- [DATA EXTRACT]:
'''
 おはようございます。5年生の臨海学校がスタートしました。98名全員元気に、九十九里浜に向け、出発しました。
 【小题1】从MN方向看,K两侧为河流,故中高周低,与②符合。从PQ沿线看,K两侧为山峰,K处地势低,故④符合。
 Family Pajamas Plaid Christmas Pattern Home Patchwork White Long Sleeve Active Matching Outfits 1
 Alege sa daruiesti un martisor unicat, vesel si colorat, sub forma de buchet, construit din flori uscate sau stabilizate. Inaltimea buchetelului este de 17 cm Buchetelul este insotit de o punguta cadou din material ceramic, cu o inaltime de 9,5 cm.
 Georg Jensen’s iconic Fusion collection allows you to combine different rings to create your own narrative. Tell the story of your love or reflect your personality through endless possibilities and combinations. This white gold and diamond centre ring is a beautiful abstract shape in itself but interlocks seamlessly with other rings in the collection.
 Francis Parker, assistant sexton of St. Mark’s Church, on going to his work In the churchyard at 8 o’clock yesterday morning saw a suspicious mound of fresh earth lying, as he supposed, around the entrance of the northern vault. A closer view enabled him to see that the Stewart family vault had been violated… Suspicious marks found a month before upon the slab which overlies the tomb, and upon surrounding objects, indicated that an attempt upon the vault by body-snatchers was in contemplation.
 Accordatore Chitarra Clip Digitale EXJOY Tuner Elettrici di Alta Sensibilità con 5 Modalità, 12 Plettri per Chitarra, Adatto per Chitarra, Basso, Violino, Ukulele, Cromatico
'''
'''
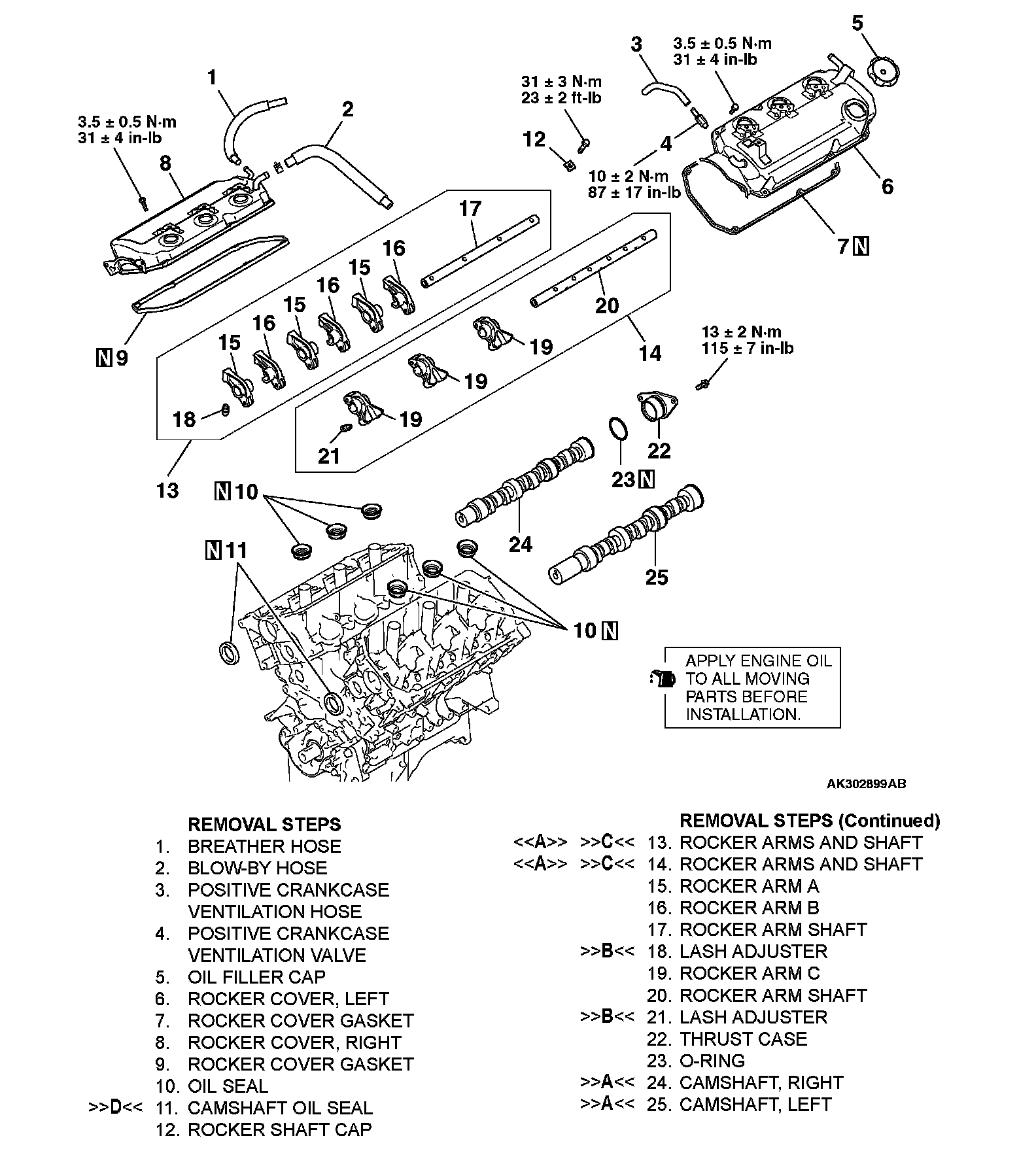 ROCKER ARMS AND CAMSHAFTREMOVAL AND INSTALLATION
'''
- [DESCRIPTION OF THE TASK]: Your answer must consist solely of the lines above between the line holding "おはようございます。5年生の" and the line holding "Accordatore Chitarra Clip", inclusive, copied exactly.

- [RESPONSE TO THE EXERCISE]:
 おはようございます。5年生の臨海学校がスタートしました。98名全員元気に、九十九里浜に向け、出発しました。
 【小题1】从MN方向看,K两侧为河流,故中高周低,与②符合。从PQ沿线看,K两侧为山峰,K处地势低,故④符合。
 Family Pajamas Plaid Christmas Pattern Home Patchwork White Long Sleeve Active Matching Outfits 1
 Alege sa daruiesti un martisor unicat, vesel si colorat, sub forma de buchet, construit din flori uscate sau stabilizate. Inaltimea buchetelului este de 17 cm Buchetelul este insotit de o punguta cadou din material ceramic, cu o inaltime de 9,5 cm.
 Georg Jensen’s iconic Fusion collection allows you to combine different rings to create your own narrative. Tell the story of your love or reflect your personality through endless possibilities and combinations. This white gold and diamond centre ring is a beautiful abstract shape in itself but interlocks seamlessly with other rings in the collection.
 Francis Parker, assistant sexton of St. Mark’s Church, on going to his work In the churchyard at 8 o’clock yesterday morning saw a suspicious mound of fresh earth lying, as he supposed, around the entrance of the northern vault. A closer view enabled him to see that the Stewart family vault had been violated… Suspicious marks found a month before upon the slab which overlies the tomb, and upon surrounding objects, indicated that an attempt upon the vault by body-snatchers was in contemplation.
 Accordatore Chitarra Clip Digitale EXJOY Tuner Elettrici di Alta Sensibilità con 5 Modalità, 12 Plettri per Chitarra, Adatto per Chitarra, Basso, Violino, Ukulele, Cromatico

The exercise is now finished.